Questo è il memorabile discorso di Al Pacino nel film “Ogni maledetta domenica”.

La motivazione negli sport di squadra è una questione fondamentale e ogni allenatore, oggigiorno, deve essere non solo abile e preparato sul piano tecnico-tattico ma deve anche, e forse soprattutto, essere un bravo motivatore, conoscere la psicologia degli atleti ed avere la capacità di fondere differenti personalità in un insieme compatto, solido, e performante.

Che voi siate appassionati di football americano o di calcio o di qualsiasi altro sport avrete notato, anche guardando una partita alla televisione, come nello stesso volgere del match le situazioni possono radicalmente cambiare a favore dell’una o dell’altra squadra. In maniera quasi imponderabile. Spesso non si tratta di crolli fisici ma solo di crolli mentali.

Negli sport individuali un allenatore deve sostenere l’atleta e l’atleta deve trovare dentro di sé le motivazioni per vincere. Negli sport di squadra è, se vogliamo, tutto più facile e, al tempo stesso, complicato. La squadra è come una catena e se uno degli anelli della catena si rompe o si allenta allora la catena si spezza.
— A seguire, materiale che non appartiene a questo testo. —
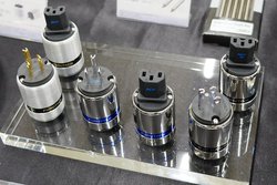 会場2階には各社がブースを並べる大部屋が用意されている。フルテックは、同社最新製品として、銀メッキ仕様のFI-48M NCF(Ag)、ロジウムメッキ仕様のFI-48M NCF(R)、ゴールドメッキ仕様のFI-46M NCF(G)という電源/インレットプラグを用意。同社が手掛けるNCF製品において、金メッキと銀メッキを施したモデルは今回が初めてとなる。

L’effetto domino può giocare a favore e a sfavore di una squadra. Se la giusta motivazione più trascinare la squadra e i singoli persino oltre i limiti delle proprie capacità è anche vero che un blocco psicologico di pochi, la perdita di motivazione, può determinare il crollo di tutto il collettivo.

La psicologia negli sport di squadra è veramente difficile da determinare, da plasmare, ma come dice Al Pacino, bisogna avanzare centimetro dopo centimetro in maniera tale da non avere rimpianti. Si può vincere o si può perdere, ma bisogna vincere e perdere nella consapevolezza di avere dato tutto e di essersi sacrificati per sé stessi e per la squadra.